Pogodny Pogodny
1897
BLOG

Przyszła do mnie grypa chora na covid

Pogodny Pogodny Koronawirus Obserwuj temat Obserwuj notkę 86

To już tydzień jak się zmagam z tym, co jedni nazywają covidem a ja określam chińską  grypą. Zaczęło się w sobotę wieczorem. Lekkie łamanie w kościach biorę przeciw zapalny, ale noc z soboty na niedzielę okazała się jednak fatalna. Wczesnym rankiem, zlany potem czułem się dosłownie jak po przesłuchaniu na Szucha. Bolał dosłownie każdy atom krwi, każdy milimetr ciała. W poniedziałek dzwonię do lekarza i do Fabryki. W Fabryce panika że to covid.
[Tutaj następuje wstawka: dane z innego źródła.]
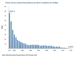 - ↑ «El precio de los paneles fotovoltaicos disminuye un 50% en un solo ano (y como afectará esto a los coches eléctricos)» (em espanhol). (r)Evolución Energética. 25 de agosto de 2009. Consultado em 30 de julho de 2014
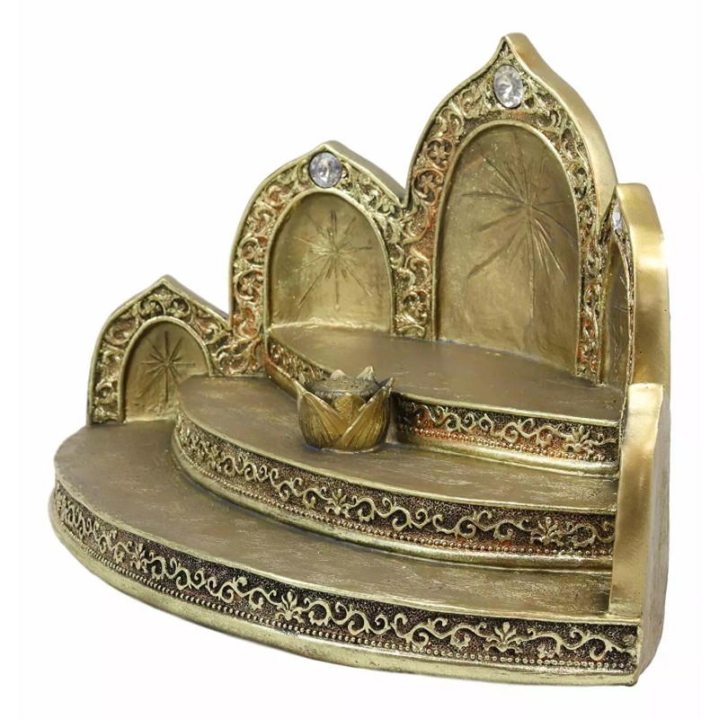 • This Golden Tibetan Buddhism Altar Shrine Display with Lotus Padma Incense Holder is perfect for displaying our Buddha Miniatures sold separately in our store (3" size category). Painted in gold, the altar display stand is adorned with crystals and lace designs throughout the borders. Light your incense sticks on the padma lotus holder in the center of the display stand as you use this display stand as a Feng Shui or Zen accent decor.

Dostaję  od zarządu do swojej dyspozycji tyle wolnego ile potrzebuję. Lekarza jednak nie znajduję. Brak miejsc. Dopiero we wtorek dzwonią do mnie w ramach tele porady.

Mam  smak i węch więc nie kierują mnie na testy. Tymczasem noc do nocy upiorna. Ból kręgosłupa jest tak potworny że gryzę pięści z bólu, ani leżeć, ani chodzić. Nogi są jak kawałki drewna z tą różnicą, że bolą jak cholera. Pójście do łazienki to jak zdobywanie Himalajów. Do tego dźga nieoczekiwanie po mięśniach. Osłabienie ogromne. Zero apetytu. Żałowałem że nie miałem pod ręką morfiny....

Gorączka budzi regularnie jak w zegarku o 2 w nocy pospołu z okrutnym łamaniem kręgosłupa. Mierzę temperaturę 39.0 albo 39.5. Jak nie weźmie człowiek przeciwgorączkowego to kaplica, gorąco faluje po twarzy jak na pustyni koło Bedourie (Stary Warus załapie). Okrywałem się mokrym ręcznikiem. Co za odpocznienie! . Zimno, cholernie zimno, ale dla mnie super, to jakaś tam ulga.

Teraz jest już trochę lepiej, temperatura oscyluje w granicach 38 stopni. Lepsze to niż prawie 40. Nie pociesza jednak  info, że świństwo może się wlec ok. 3 tygodni i lubi nawroty.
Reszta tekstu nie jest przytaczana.